A tutti piace l’agosto. Il mare. Il caldo. Il cocomero. Le vacanze. A me no. Ogni anno mi trovo a combattere una strisciante malinconia esacerbata da questo palese senso di necrosi e caduta che agosto reca con sè. Tutto mi pare in limine mortis, preconizzare la fine ed esorcizzarla con gli eccessi: una carnevalata della natura fatta di temperature esagerate, frutti turgidi di colore e profumi, arsura e siccità e quando piove grandine e ira, equilibri assenti, danze sfrenate. Il canto del cigno prima della sua dipartita. Il Barocco in arte. Lo stucchevole e l’eccesso. La surmaturazione dolcissima del fico, ma già marcescente. Un virtuoso equilibrista su una corda tesissima. La maschera di un clown che esaspera il sorriso per non piangere. La violenza di insetti e vermi e formiche e mosche e zanzare che brulicano, rosicchiano, ronzano prima che tutto taccia.

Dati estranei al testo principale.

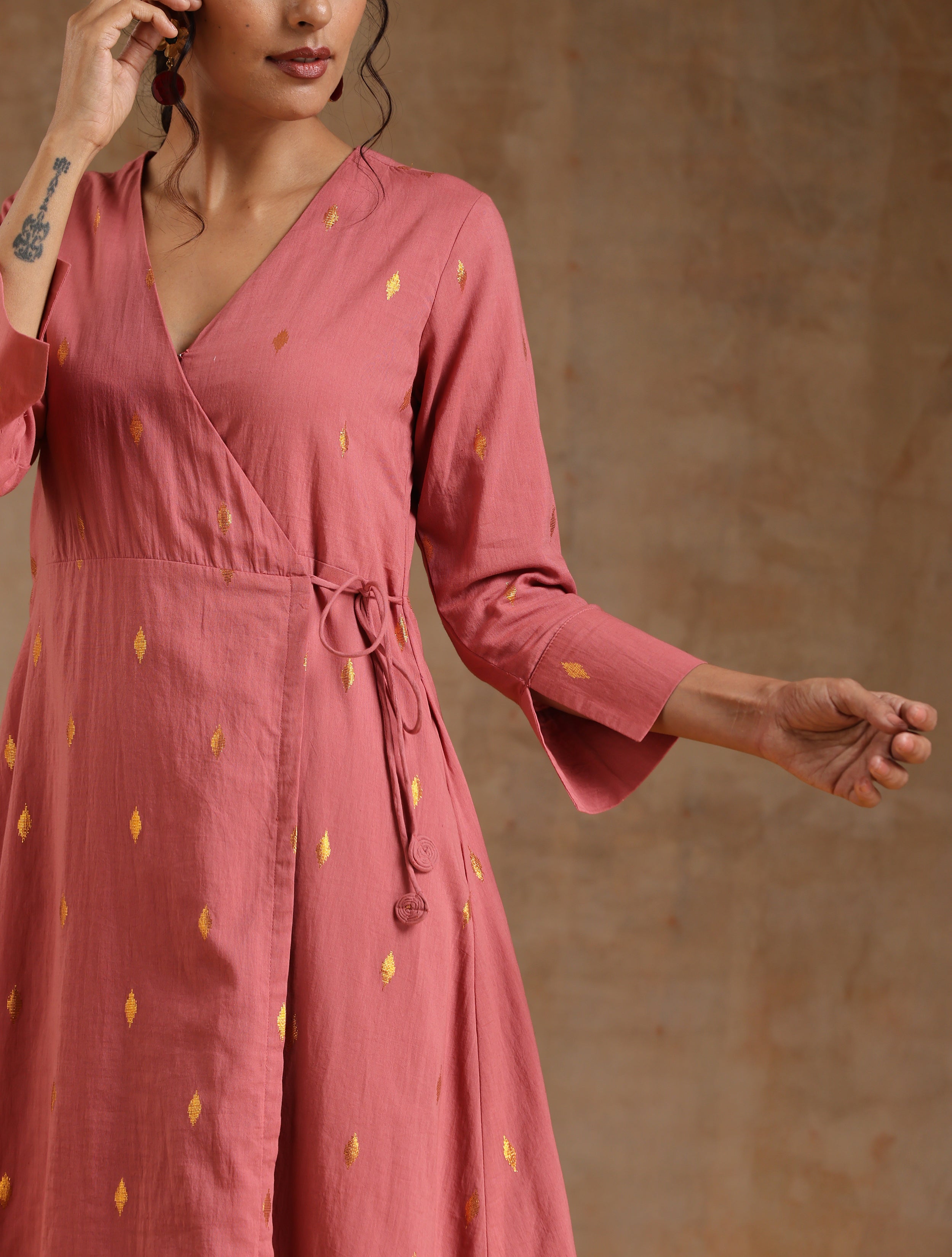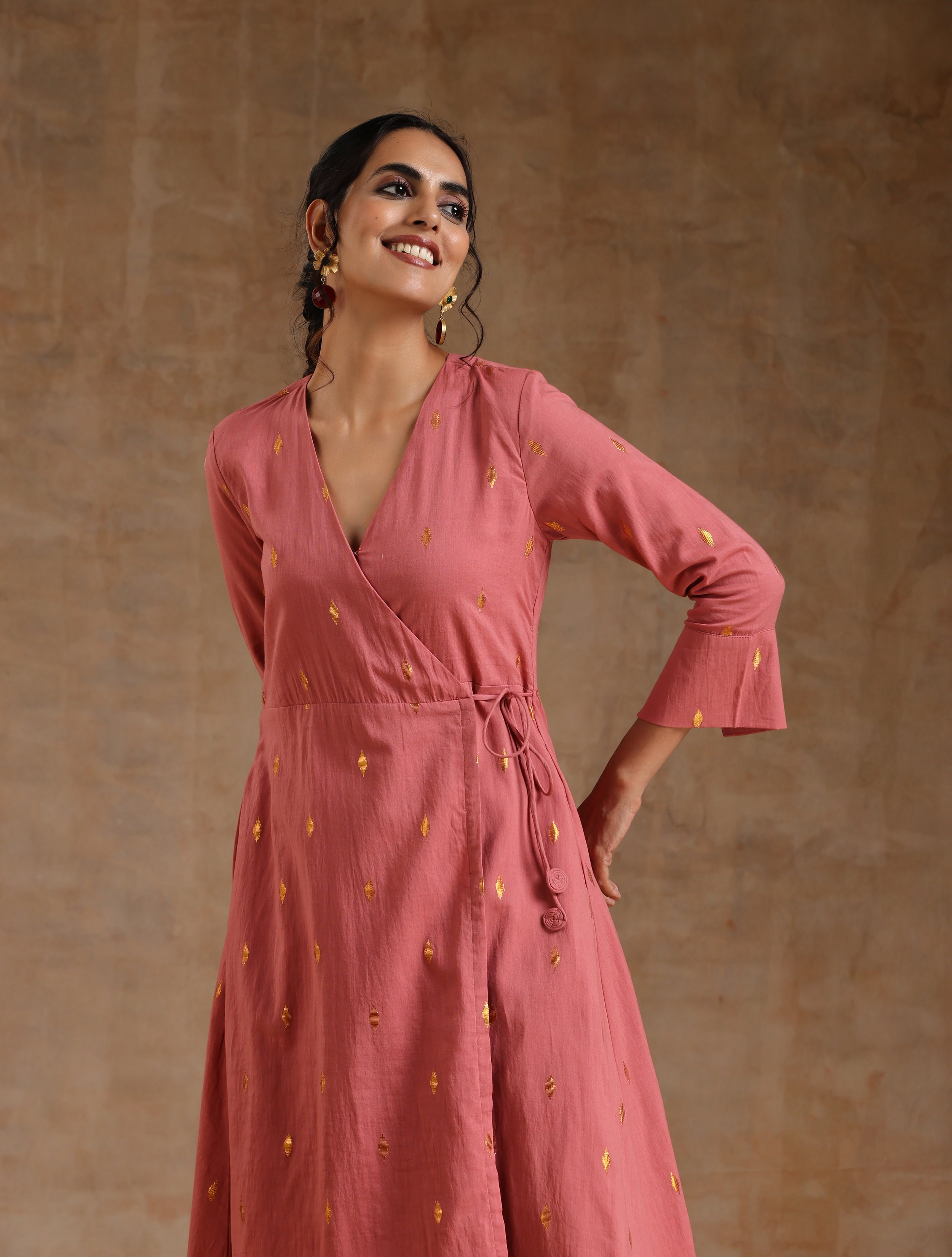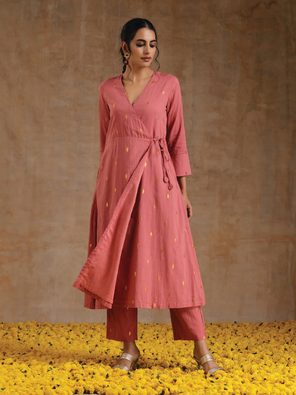 trueBrowns Blush Gold Cotton Angrakha Kurta Set

Quel non so che che attanaglia la domenica sera a occhi chiusi a letto per prendere sonno.
Io proprio non lo sopporto. Ho imparato a scendere a patti con tante cose. Ma l’agosto no. Lo sento un mese tragico. Le stragi. I ponti crollati. Le notizie di cronaca nera che trovano più spazi che mai: il caldo dà alla testa, si impazzisce, vengono fuori le insoddisfazioni, le coppie si lasciano, i litigi sono più furibondi.
E, per noi, il 14 agosto 2018 iniziava una nuova vita, a seguito di una diagnosi ricevuta esattamente mentre crollava il ponte di Genova, in una giornata di violento temporale dopo ore di temperature elevatissime. Forse, odiando agosto si può imparare ad amare gli altri 11 mesi e la vita in generale? Dalla tristezza che genera questo mese, e tante situazioni che la vita offre, imparare a godersene i controcanti, i chiari dopo gli scuri?